- _Provided entries_:
▼

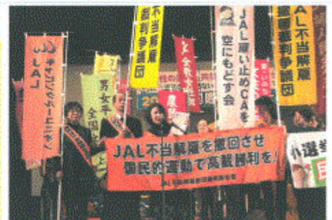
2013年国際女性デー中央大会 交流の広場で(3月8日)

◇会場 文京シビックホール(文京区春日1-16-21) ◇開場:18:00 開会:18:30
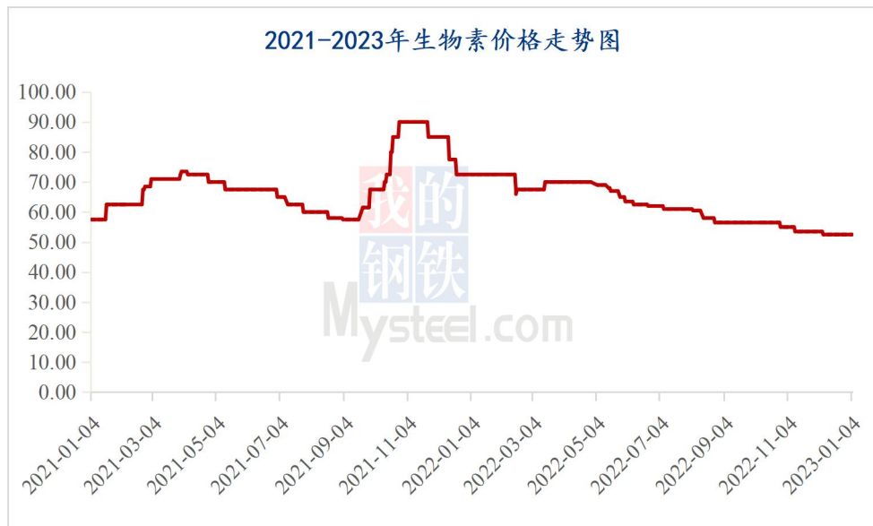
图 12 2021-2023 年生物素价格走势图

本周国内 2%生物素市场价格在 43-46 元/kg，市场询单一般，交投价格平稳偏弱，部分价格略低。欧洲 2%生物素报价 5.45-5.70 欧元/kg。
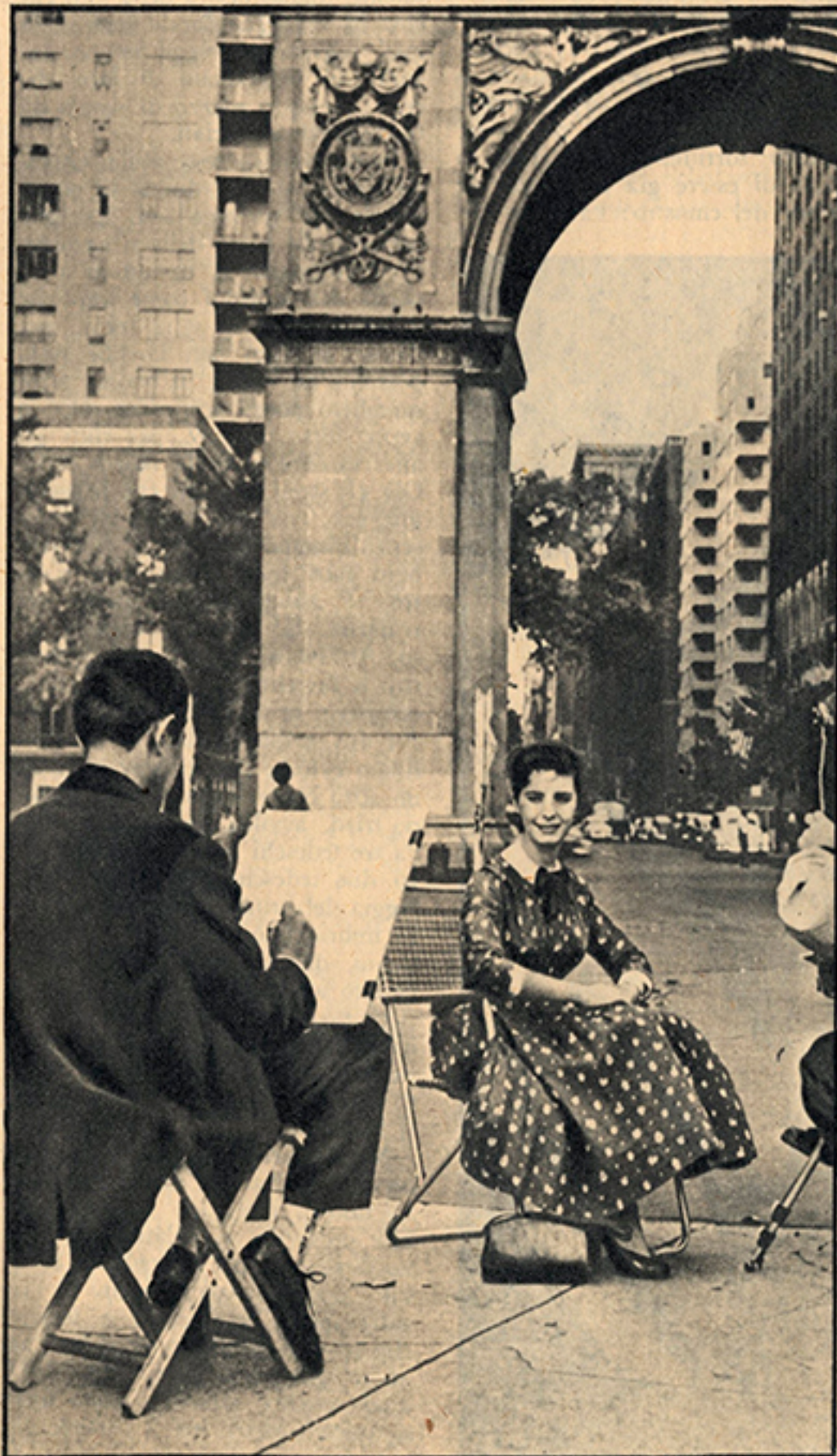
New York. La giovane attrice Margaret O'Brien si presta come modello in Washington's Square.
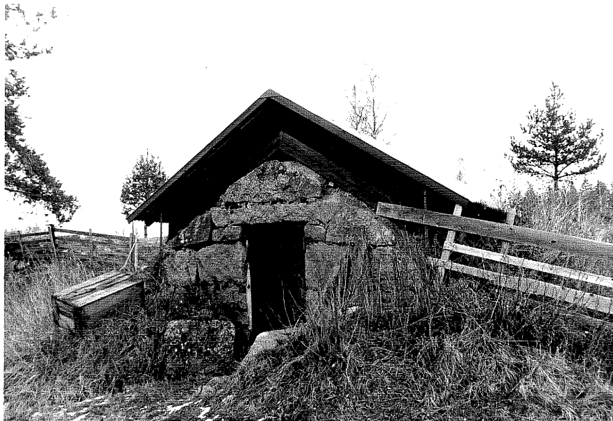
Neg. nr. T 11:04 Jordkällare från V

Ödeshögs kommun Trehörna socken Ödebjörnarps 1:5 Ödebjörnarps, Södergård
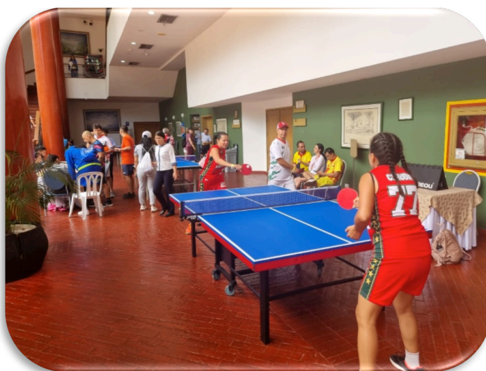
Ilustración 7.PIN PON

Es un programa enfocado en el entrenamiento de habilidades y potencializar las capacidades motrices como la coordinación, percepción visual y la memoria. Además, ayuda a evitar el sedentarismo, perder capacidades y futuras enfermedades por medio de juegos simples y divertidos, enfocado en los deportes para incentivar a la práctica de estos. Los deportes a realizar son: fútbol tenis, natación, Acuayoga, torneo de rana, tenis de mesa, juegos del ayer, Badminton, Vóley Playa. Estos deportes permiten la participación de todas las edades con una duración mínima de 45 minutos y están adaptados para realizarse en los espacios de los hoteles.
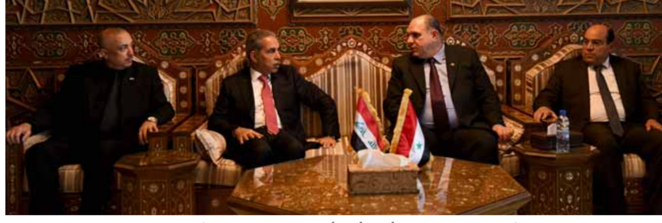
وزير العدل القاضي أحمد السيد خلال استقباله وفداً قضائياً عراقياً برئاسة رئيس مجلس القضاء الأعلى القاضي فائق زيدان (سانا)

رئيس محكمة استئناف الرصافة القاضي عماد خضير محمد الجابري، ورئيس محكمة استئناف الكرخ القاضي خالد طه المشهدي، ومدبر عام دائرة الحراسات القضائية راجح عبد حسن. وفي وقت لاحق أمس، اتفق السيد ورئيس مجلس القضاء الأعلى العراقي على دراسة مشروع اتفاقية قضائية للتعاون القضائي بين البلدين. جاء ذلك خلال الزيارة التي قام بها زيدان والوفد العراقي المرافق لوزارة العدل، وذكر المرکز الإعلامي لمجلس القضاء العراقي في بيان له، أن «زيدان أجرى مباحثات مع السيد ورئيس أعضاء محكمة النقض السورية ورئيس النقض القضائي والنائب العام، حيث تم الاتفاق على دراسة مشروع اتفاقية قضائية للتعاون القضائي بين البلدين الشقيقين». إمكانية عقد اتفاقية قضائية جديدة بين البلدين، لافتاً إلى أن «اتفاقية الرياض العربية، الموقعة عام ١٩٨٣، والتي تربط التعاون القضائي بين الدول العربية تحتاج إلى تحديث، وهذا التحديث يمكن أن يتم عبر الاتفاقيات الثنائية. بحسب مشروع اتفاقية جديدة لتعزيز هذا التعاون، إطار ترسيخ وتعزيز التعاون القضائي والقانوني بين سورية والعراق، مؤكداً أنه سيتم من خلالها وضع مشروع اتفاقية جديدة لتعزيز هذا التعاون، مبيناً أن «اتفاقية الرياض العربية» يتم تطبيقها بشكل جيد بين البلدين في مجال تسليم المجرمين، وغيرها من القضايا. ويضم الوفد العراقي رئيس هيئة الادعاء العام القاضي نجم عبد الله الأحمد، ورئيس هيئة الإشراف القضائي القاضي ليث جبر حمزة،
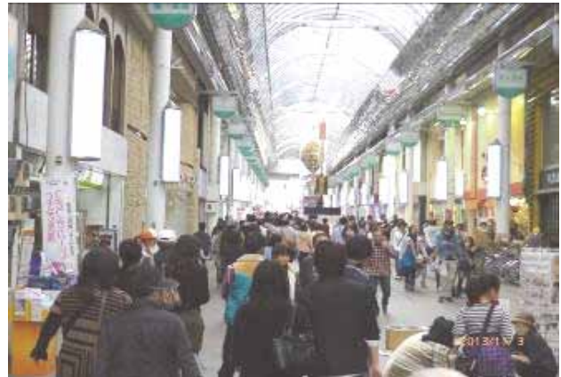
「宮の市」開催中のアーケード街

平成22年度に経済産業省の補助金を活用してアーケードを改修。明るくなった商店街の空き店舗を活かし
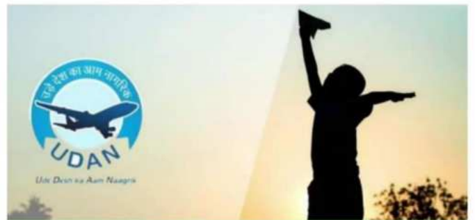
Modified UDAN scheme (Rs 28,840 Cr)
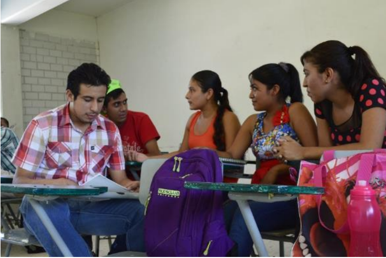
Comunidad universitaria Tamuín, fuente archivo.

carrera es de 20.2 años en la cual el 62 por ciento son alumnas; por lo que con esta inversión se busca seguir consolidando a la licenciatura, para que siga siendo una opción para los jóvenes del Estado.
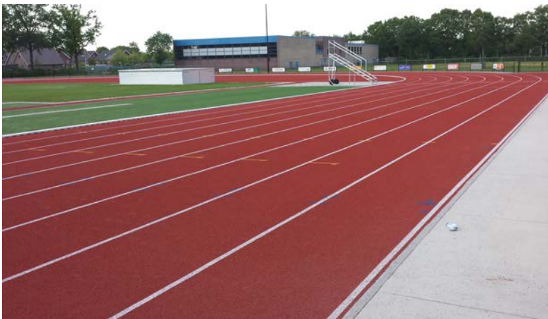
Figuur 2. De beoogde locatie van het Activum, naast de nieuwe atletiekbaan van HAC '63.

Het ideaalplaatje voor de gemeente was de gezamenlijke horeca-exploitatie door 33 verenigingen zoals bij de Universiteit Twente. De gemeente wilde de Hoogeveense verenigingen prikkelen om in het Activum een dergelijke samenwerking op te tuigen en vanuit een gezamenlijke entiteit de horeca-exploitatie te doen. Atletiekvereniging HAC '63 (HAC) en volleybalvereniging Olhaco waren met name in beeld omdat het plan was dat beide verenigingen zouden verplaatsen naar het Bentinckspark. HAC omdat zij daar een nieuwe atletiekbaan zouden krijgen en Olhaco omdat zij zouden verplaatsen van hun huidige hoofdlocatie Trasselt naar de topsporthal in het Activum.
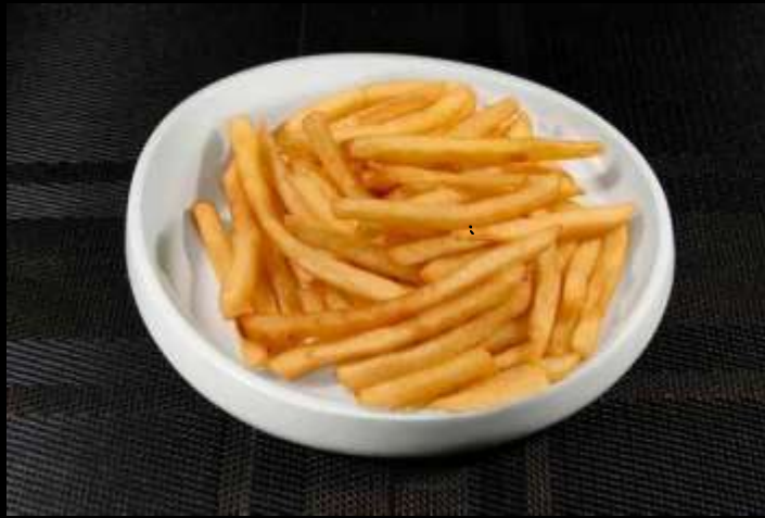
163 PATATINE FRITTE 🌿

▲

- _Work item_:
Exactly as they appear, print the lines of the listing above from its first line through the line that contains "Neg. nr. T 11:04 Jordkällare från V", minus the pictures.

- _Written solution_:
2013年国際女性デー中央大会 交流の広場で(3月8日)

◇会場 文京シビックホール(文京区春日1-16-21) ◇開場:18:00 開会:18:30
图 12 2021-2023 年生物素价格走势图

本周国内 2%生物素市场价格在 43-46 元/kg，市场询单一般，交投价格平稳偏弱，部分价格略低。欧洲 2%生物素报价 5.45-5.70 欧元/kg。
New York. La giovane attrice Margaret O'Brien si presta come modello in Washington's Square.
Neg. nr. T 11:04 Jordkällare från V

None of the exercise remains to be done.